1. Sail on Sail Away – 4:52 – From Moxy I (1975)
2. Can't You See I'm a Star – 3:36 – From Moxy I (1974)
3. Train – 4:37 – From Moxy I (1975)
4. Cause There's Another – 3:43 – From Moxy II (1976)
5. Trouble – 3:52 – Previously unreleased track (Buzz Shearman)
6. Change in My Life – 4:37 – From Moxy II (1976)
7. Eyeballs – 3:03 – Previously unreleased track (Johnnie Lovesin)
8. Sweet Reputation (Symphony for Margaret) – 3:54 – From Ridin' High (1977)
9. Highway – 4:12 – Previously unreleased track (Earl Johnson)

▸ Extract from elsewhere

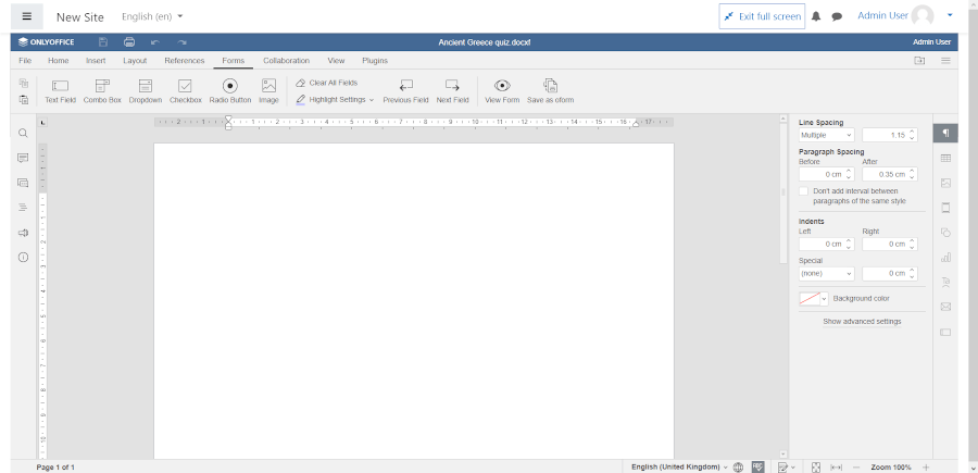 In this article, you will learn how to enhance the learning experience in Moodle by creating fillable forms with the help of ONLYOFFICE Docs, an online office suite for Linux, which handles all popular office files, such as text documents, spreadsheets, presentations, fillable forms, and PDFs.
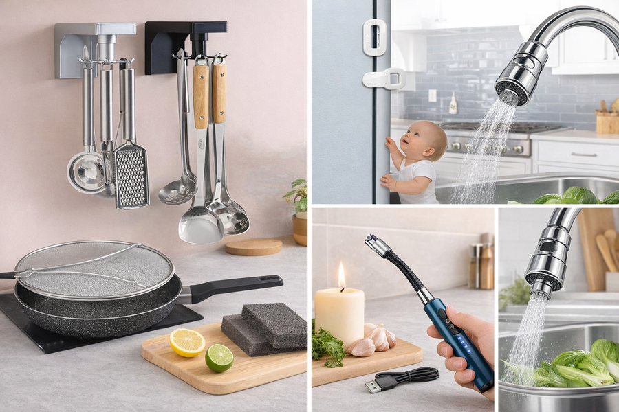 باكج متكامل يجمع لك أهم أدوات المطبخ اللي تحتاجها يوميًا، مصمم عشان يوفّر عليك وقتك، يحافظ على أمان بيتك، ويخلّي مطبخك أنظف وأكثر ترتيبًا.

10. Riding High – 4:03 – From Ridin' High (1977)

==Reissued==

Moxy’s original catalogue of albums were again available starting in 1994 when Valerie Shearman ("Buzz" widow) oversaw the release of all of Moxy's back catalogue of albums on CD through Pacemaker Entertainment, and again in 2003 this time through Unidisc Music Inc.